Use the following information to answer the next five exercises. A study was conducted to test the effectiveness of a software patch in reducing system failures over a six-month period. Results for randomly selected installations are shown in [link] . The “before” value is matched to an “after” value, and the differences are calculated. The differences have a normal distribution. Test at the 1% significance level.
Installation | A | B | C | D | E | F | G | H |
---|---|---|---|---|---|---|---|---|
Before | 3 | 6 | 4 | 2 | 5 | 8 | 2 | 6 |
After | 1 | 5 | 2 | 0 | 1 | 0 | 2 | 2 |
What is the random variable?
the mean difference of the system failures
State the null and alternative hypotheses.
What conclusion can you draw about the software patch?
With a p -value 0.0067, we can cannot accept the null hypothesis. There is enough evidence to support that the software patch is effective in reducing the number of system failures.
Use the following information to answer next five exercises. A study was conducted to test the effectiveness of a juggling class. Before the class started, six subjects juggled as many balls as they could at once. After the class, the same six subjects juggled as many balls as they could. The differences in the number of balls are calculated. The differences have a normal distribution. Test at the 1% significance level.

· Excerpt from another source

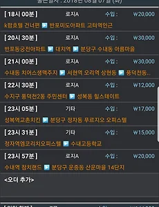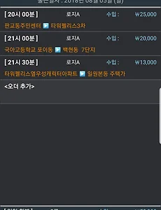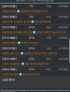 반응형 전체 글332 2018.08.07 화요일 대리운전 일기 2018년 08월 07일 화요일 운행일지 1.역삼동 K팝 호텔 건너편 -> 반포 미도 아파트 18시 06분 20,000원 2.반포동 궁전아파트 -> 대치역 -> 분당구 수내동 아름마을 20시 30분 30,000원3.수내동 치어스 맥주집 -> 서현역 -> 오리역 -> 용인 상현 롯데캐슬 -> 풍덕천 한일아파트 21시 00분 30,000원4.풍덕천동 2동 주민센터 -> 성복동 힐스테이트 22시 30분 12,000원5.성복동 교촌치킨(성복역) -> 분당구 정자동 푸르지오 오피스텔(정자역 인근) 23시 05분 17,000원6.푸르지오 오피스텔 바로 옆 코리치오피스텔 -> 수내동 수내고등학교 23시 31분 15,000원7.수내역 참치랜드 -> 분당구 운중동 산운마을 14단지 20,000원 이날 다시 최고 신기록을.. 2018. 8. 8. 2018.08.06 월요일 대리운전 일기 최다콜을 탄 날이다. 2018.08.06 월요일 1. 라움 옆 식당 -> 청담 사거리 인근 오피스텔 15,000원2. 청담사거리 인근 더 라운지 중식당 -> 한티역 롯데 캐슬 16,000원3. 선릉역 한신인터밸리 오피스텔 -> 용인 성복역 인근 1KM 내외 25,000원4. 용인 상현역 -> 야탑역 1KM 내외 15,000원 팁 5,000원5. 야탑역 야탑1동주민센터 -> 성남동(수진역)푸르지오 오피스텔 15,000원6.수진역 바로옆 가스충전소 -> 성남 정자동 한솔아파트 1차 15,000원7.수내역 준오헤어 -> 판교원 마을 7단지 12,000원 차량이 BMW라 익숙치 않은 모습에 기분이 나빴는지사실 인성부족한 것 같다 실내에서 계속 담배태우고...ㅜㅜ어쨌든 이렇게 첫콜을 마치고 바로 인근 2번째 콜을.. 2018. 8. 7. 2018.08.05 일요일 대리운전 일기 1. 판교동 주민센터 -> 도곡도 타워펠리스 3차 20,000원 대기비 5,000원 이번에 처음으로 일요일에도 대리운전을 하게되었다.늘 집에 있었는데 이날은 집이 그나마 안정화가 되어서 콜을 보고 있다가 좋은 콜 다 놓치고 이 콜이 제일 괜찮아 바로 클릭하여 갔는데 판교 테크노벨리에서 콜을 잡아서 이동해야 한다고 기달려 달라는 것이다.약 30분이상을 기다리고 운전을 하게 되었다.그래도 쉬운 콜이기에 다행 2. 도곡동 타워펠리스 인근 아파트 -> 일원본동 12,000원 팁 1,000원처음에 일산인줄 알았는데 금액이 아닌것 같아서 잡았다.이거 잡기 전에 좋은 콜들이 많았느데 놓쳐서 이거라도 타고 이동해야지 라는 생각에!!! 3. 국악고등학교 -> 백현동 5단지 20,000원일원본동에서 택시비로 4,500원정.. 2018. 8. 6. 2018.08.02 목요일 대리운전 일기 휴가 중에도 대리운전을 계속적으로 진행하였다. 1. 남서울 CC인근 식당 -> 과천경마장 -> 안양 40,000원 손님이 이야기가 없다가 다 와가니 과천경마장만 가면 된다고 하시고 경마장내에서 내리면 걸어가는데 1시간 이상 걸리니 과천경마장역까지 데려다 주겠다고 하셨다.그리고 팁으로 1만원까지 참 고마운 손님이시다 2. 과천 경마장 역 -> 수원 장안구 정자동 23,000원콜이 없는 지역이라 바로 지하철을 타니 있던 곳에서 콜이 떠서 바로 전화하여 콜을 잡았다.이 손님은 친절한 척 다하시면서 거울이든 자리든 바꾸면 안된다고 하네....운전을 어떻게 하라는 것인지.ㅜㅜ완전 낭패다 본인이야기를 하다 층간 소음 이야기를 하는데 그런 성품이면 주위분들이 참 힘들겠다라는 생각이....ㅜㅜ 3. 수원 장안구 화서2.. 2018. 8. 6. 2018. 08. 01 수요일 대리일기 이날은 늦게 나오기도 했고 첫콜후 너무 가렸다 시간이 길어지다보니 판단력도 흐려지고 전체적으로 실패하였다 복기하여 추후에는 더나아지도록 해야겠다 2018. 8. 1. 2018. 07. 31. 화요일 대리일기 이날은 일찍 시작하였지만 생각만큼 콜을 잘타지 못했다 콜사이 텀도 길고 대기라는 것도 해보고ㅜㅜ 명함교환에 타이어터지기 일보직전의 차량운행까지ㅜㅜ 그래도 나름 선방한 날이다 2018. 8. 1. 이전 1 ··· 45 46 47 48 49 50 51 ··· 56 다음

Subject | A | B | C | D | E | F |
---|---|---|---|---|---|---|
Before | 3 | 4 | 3 | 2 | 4 | 5 |
After | 4 | 5 | 6 | 4 | 5 | 7 |
State the null and alternative hypotheses.
What is the sample mean difference?
What conclusion can you draw about the juggling class?
Use the following information to answer the next five exercises. A doctor wants to know if a blood pressure medication is effective. Six subjects have their blood pressures recorded. After twelve weeks on the medication, the same six subjects have their blood pressure recorded again. For this test, only systolic pressure is of concern. Test at the 1% significance level.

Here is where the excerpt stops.